*** Begin section ***

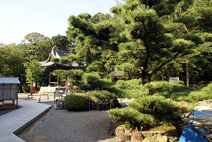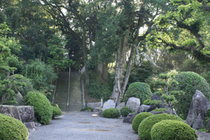 入り口の庭園は見事で、中腹には巨大な楠が参道の石段に覆いかぶさる様にそびえます。
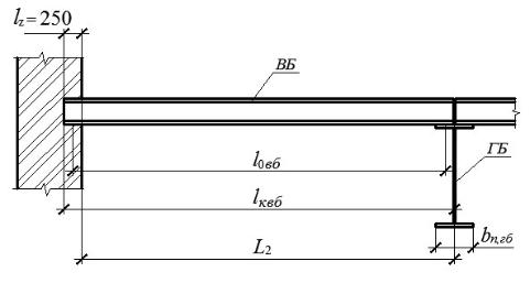 бина заделки второстепенной балки в стену; l0вб – расчётная длина второстепенной балки; lквб – конструктивная длина второстепенной балки; bп,гб – ширина полки главной балки, для предварительных расчетов принимается равной 400 мм.
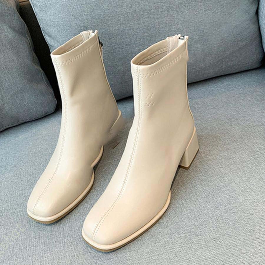 777円OFFクーポン チャンキーヒール バックジップ ショートブーツ レディース スクエアトゥ 太・・・
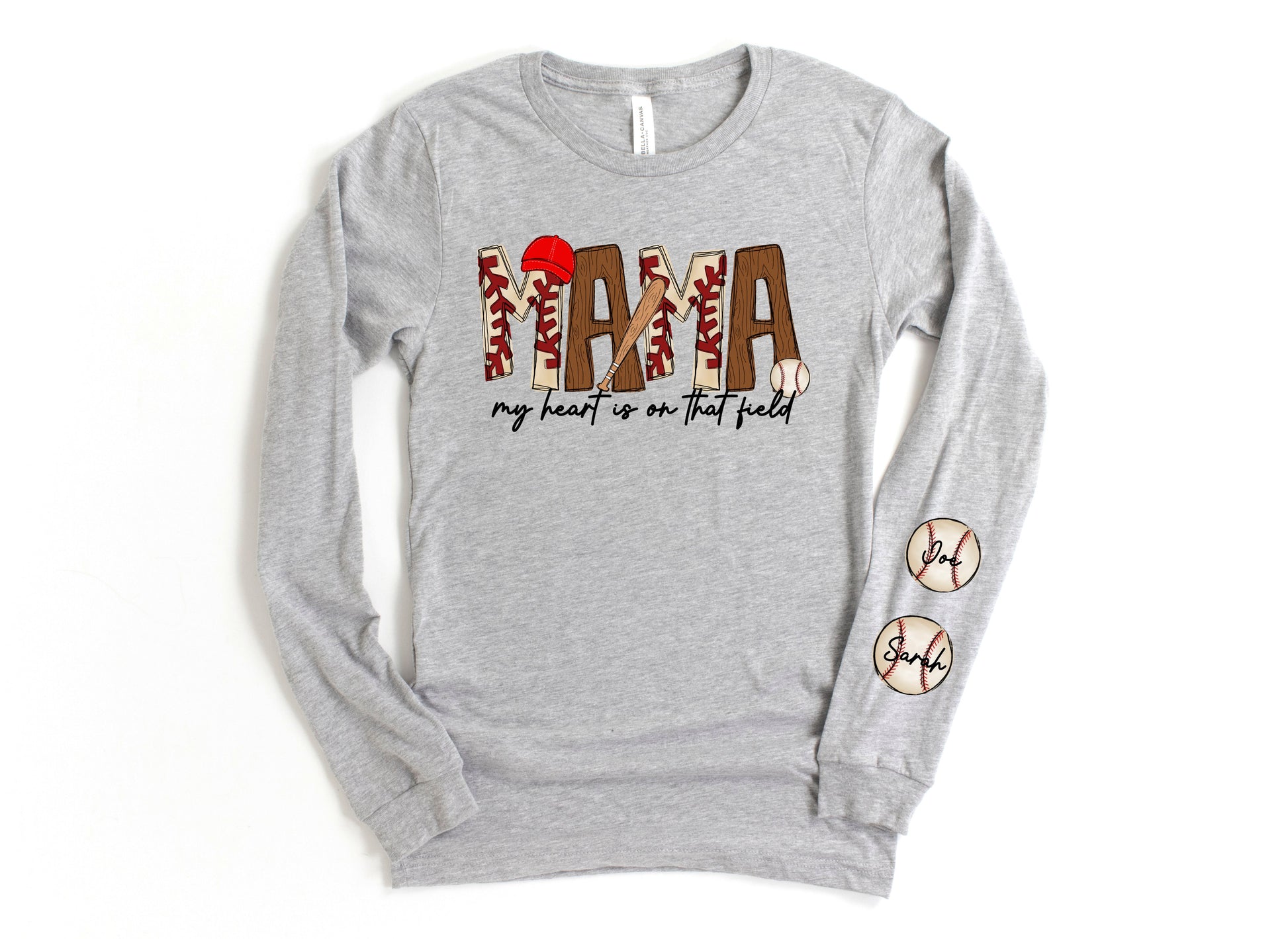 These transfers can be done in ANY name (mama, nana, mamaw, ect) with either Baseball, Softball, or a combination of both (see second photo). Can have up to 6 balls total (3 on each sleeve). Please be sure if selecting the combo name- please be sure to specify which sport goes with which names- for example Sarah-Softball, Tim-Baseball. Also be sure to choose a hat color!
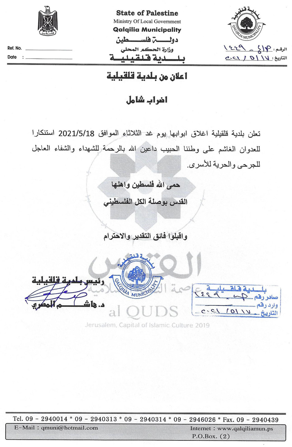 أعلنت بلدية قلقيلية، الاثنين 17.05.2021، عن الالتزام بالإضراب الثلاثاء، وإغلاق أبوابها.
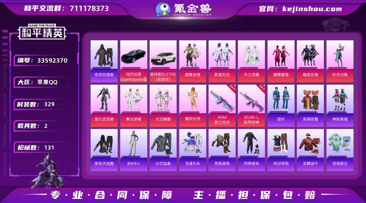 实名: 可修改 时装数: 329 载具数: 2 枪械数: 131 战备数: 2 热门装扮: 奇异狩猎者,蝶舞迷情,呆萌铁蟹,新星烈龙,蝶舞蔷薇,暗夜玫瑰,吟月归客,天之羽翼,寒光使者,复仇流浪者,太空嘟嘟,神秘黑猫,羲和光序 载具: 路特斯ELETRE(花绽灰),玛莎拉蒂Quattroporte(夜幕蓝) 稀有枪皮: AKM梦之光华,SCAR-L机甲封神 亮点: 【优质装备】:暗影哥特(红眼罩),奇异狩猎者,新星烈龙(小白龙),七级SCAR-L-机甲封神,七级AKM-梦之光华
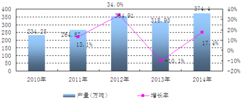 自2010年以來(除了2013年),中國化學農藥原藥(折有效成分100%)產量整體保持穩步增長的態勢,產量均高于200萬噸。但我國農藥產量的增長率波動較大,每年交替增減,2012年和2014年增長率上漲得較快,分別為34%和17.4%;2013年與2014年相比增長率下滑巨大,有2012年的34%下滑至2013年的-10.1,而且還是五年來的首次負增長。2014年乙烯產量增長率上漲了,產量達到近五年來的最高值達到374.40萬噸。

*** End section ***

**WHAT THIS TASK INVOLVES**:
Quote the records above exactly, from the first line through the line containing "أعلنت بلدية قلقيلية،", and leave out the pictures.

**PROBLEM SOLUTION**:
 入り口の庭園は見事で、中腹には巨大な楠が参道の石段に覆いかぶさる様にそびえます。
 бина заделки второстепенной балки в стену; l0вб – расчётная длина второстепенной балки; lквб – конструктивная длина второстепенной балки; bп,гб – ширина полки главной балки, для предварительных расчетов принимается равной 400 мм.
 777円OFFクーポン チャンキーヒール バックジップ ショートブーツ レディース スクエアトゥ 太・・・
 These transfers can be done in ANY name (mama, nana, mamaw, ect) with either Baseball, Softball, or a combination of both (see second photo). Can have up to 6 balls total (3 on each sleeve). Please be sure if selecting the combo name- please be sure to specify which sport goes with which names- for example Sarah-Softball, Tim-Baseball. Also be sure to choose a hat color!
 أعلنت بلدية قلقيلية، الاثنين 17.05.2021، عن الالتزام بالإضراب الثلاثاء، وإغلاق أبوابها.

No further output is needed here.